Electricity Commission approves regulation for power distribution

The Nigerian Electricity Regulatory Commission(NERC) has approved guidelines for the issuance of licenses to prospective investors interested in operating as independent power generation and distribution firms.

The guidelines stipulates defined legal and regulatory framework specifically for Embedded Generation (EG) and c

The embedded generation (EG) license allows the generation of electricity that is directly connected to and evacuated through a distribution system connected to a transmission network operated by a system operations licensee while independent electricity distribution network (IEDN) is a distribution network located within the operational area of a distribution network owned and operated by a licensed successor distribution company.

NERC chairman, Sam Amadi, said at the formal issuance of the guidelines in Abuja that state governments and other persons interested in participating in the development of the power sector can no longer complain of being shut out of the power generation market anymore.

 “With this regulation, we can actually allow distribution companies (DISCOs) to contract power around themselves,” Mr. Amadi said.

“The regulation of the embedded power industry would help increase power supply, while reducing losses and addressing issues of supply stability.

“The other regulation allows for independent electricity distribution networks. This is important for states that are concerned with rural electrification. A significant part of this country is yet to be connected to the grid. Even as distribution companies have a mandate to expand their network, it is conceivable that some areas not get the services of the DISCOs because they might beoccupied trying to improve their services in the urban areas.”

He said while the states have roles to play in the process, the independent power distributors could also help take electricity to consumers through the rural electrification project, provided there is no parallel network to the national grid.

“One cannot have the arrangement in areas where the DISCOs have physical presence or are preparing to extend their service.

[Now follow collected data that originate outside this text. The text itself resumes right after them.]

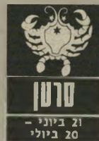
סרטן 21 ביוני - 20 ביולי

למרות שבזמן האחרון המצב הכספי השת-פר, תצטרכו להיות מאוד זהירים. אסור להתקרב לעסקות שיש בהן אפילו שמץ של סיכון. זה לא הזמן לסמוך על המזל וכל צעד מוטעה עלול לגרום הפסדים. ילדים המעוני-ינים בחפץ חדש ויקר יצטרכו להמתין, דחו את הקניה בשבוע אחד. לרווקים יהיו הזדמנו-יות להכיר אנשים מא-רצות אחרות, בדרך מיקרית ומשעשעת. ה-25 וה-26 בחודש דורשים זהירות מיוחדת.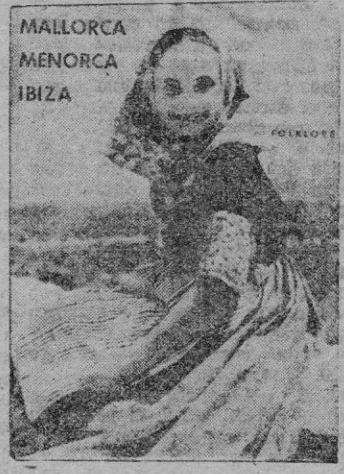
MALLORCA MENORCA IBIZA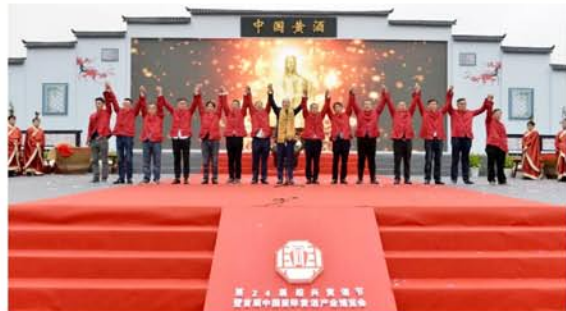
14家绍兴黄酒企业代表携手宣誓“做诚实人，酿良心酒”

11月7日上午9时，第24届绍兴黄酒节暨首届中国(国际)黄酒产业博览会开幕式在中国绍兴城国际会展中心盛大启幕。品黄酒、赏商机、话发展，来自世界各地千余名嘉宾共同见证一场黄酒产业国际化顶级盛会的启幕。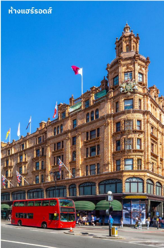
ห้างแฮร์รอดส์

e-mail: tour.aaj@gmail.com , Web Site: www.allabout-journey.com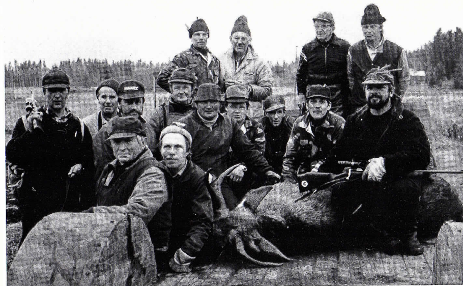
Hirvimiehiä onnistuneen jahdin jälkeen 16.10.1987.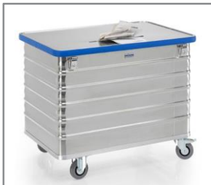
Parachoques de PVC en la tapa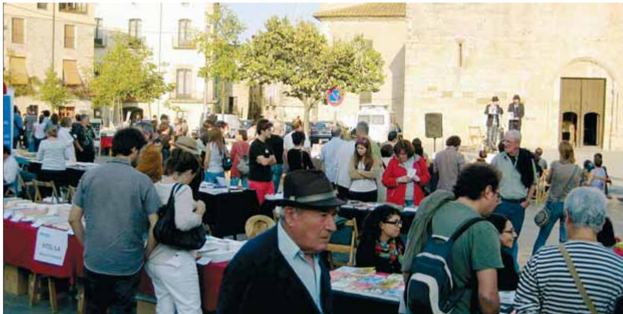
El Prat de Sant Pere, on hi ha les parades de les editorials, en l'edició de Liberisliber de l'any passat

El responsable de Liberisliber ha arribat a aquesta conclusió arran que el departament de Cultura hagi concedit a la fira una subvenció de tan sols 2.300 euros, mentre destina el triple –compara Codes– a una sola actuació musical de la Setmana del Llibre en Català, 520.000 euros al pavelló d'art de la Biennial de Venècia o 198.000 euros al catàleg de masies que va elaborar un

Once, there are no physical presence of DISCOs and they are not ready to move in there, the Act allows independent distribution, either by a state or a company or a private individual that applied and is properly licensed to do that,” the chairman explained.

The new arrangement, he noted, has prospects to trigger a potential revolution in power supply in the country, while enabling a short-term resolution of some challenges before the full take-off of the reforms in the next two to three years as projected by the government.

He said the country would begin to have significant energy supply through embedded generation using renewable systems pointing out that new regulations allow hydro power projects to localize their supplies to serve specific areas, instead of injecting into the national grid.

According to the NERC chairman, while the industry is waiting for the bulk trader in power, DISCOs, under proper arrangement, could begin to go into bilateral power supply agreements with independent producers who can now embed some electricity of about 10-20 megawatts in those areas.